## EXERCISE DESCRIPTION
Copy the following data exactly and drop the pictures.

====== DATA PROVIDED ======

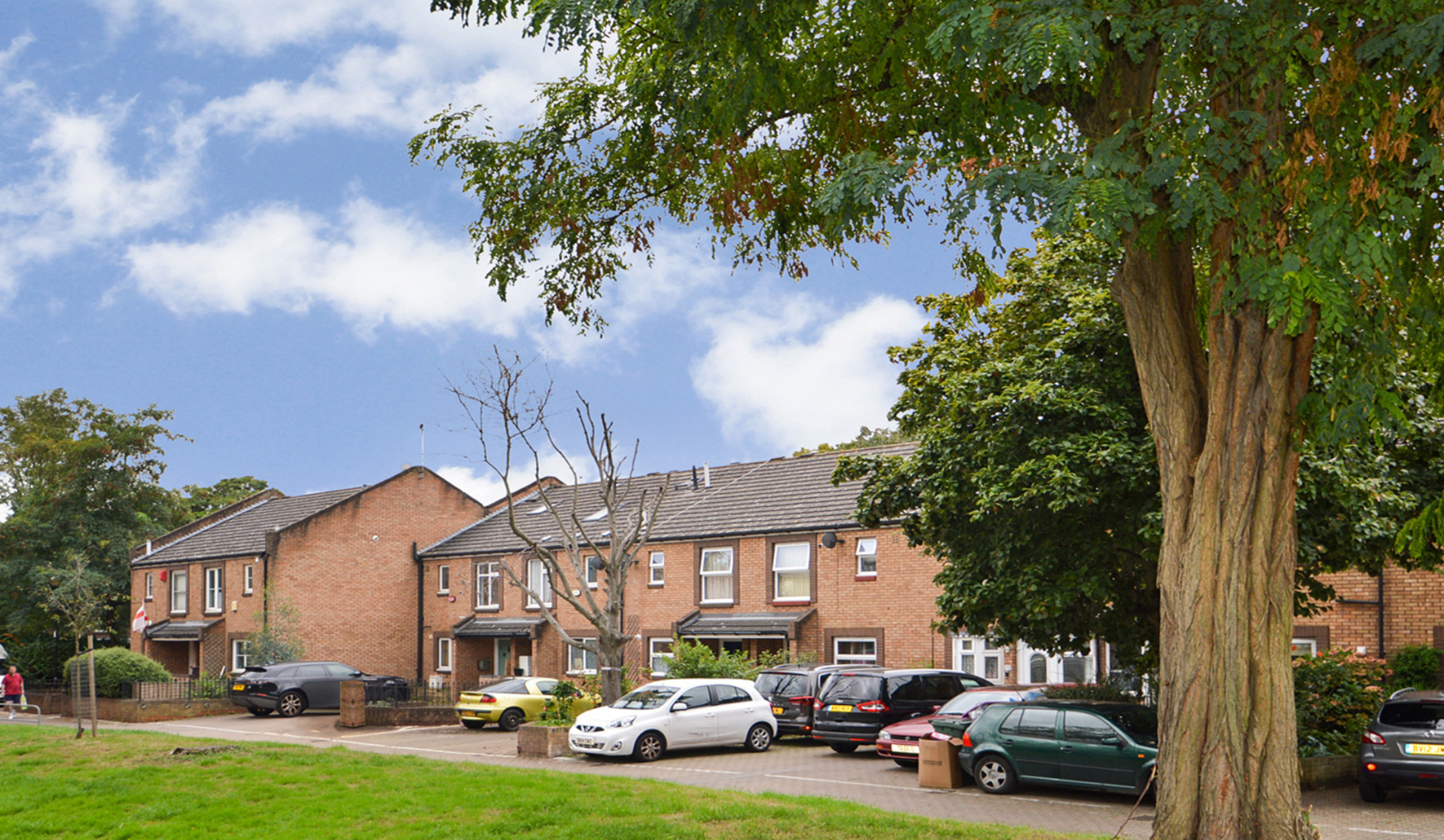
RECTORY SQUARE E1 4 bedroom terraced house
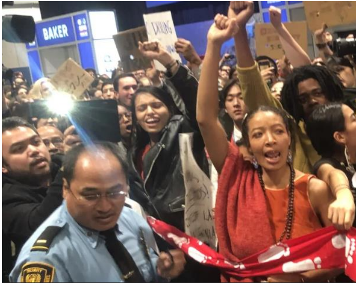
Observers demonstrating outside main negotiating halls

Carbon markets considered an empty capitalist promise by those advocating for nature-based solutions, value of indigenous knowledge
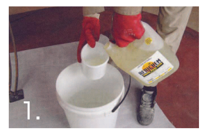
Combine 1 volume hydrochloric acid...

======

## ANSWER FOR THE TASK
RECTORY SQUARE E1 4 bedroom terraced house
Observers demonstrating outside main negotiating halls

Carbon markets considered an empty capitalist promise by those advocating for nature-based solutions, value of indigenous knowledge
Combine 1 volume hydrochloric acid...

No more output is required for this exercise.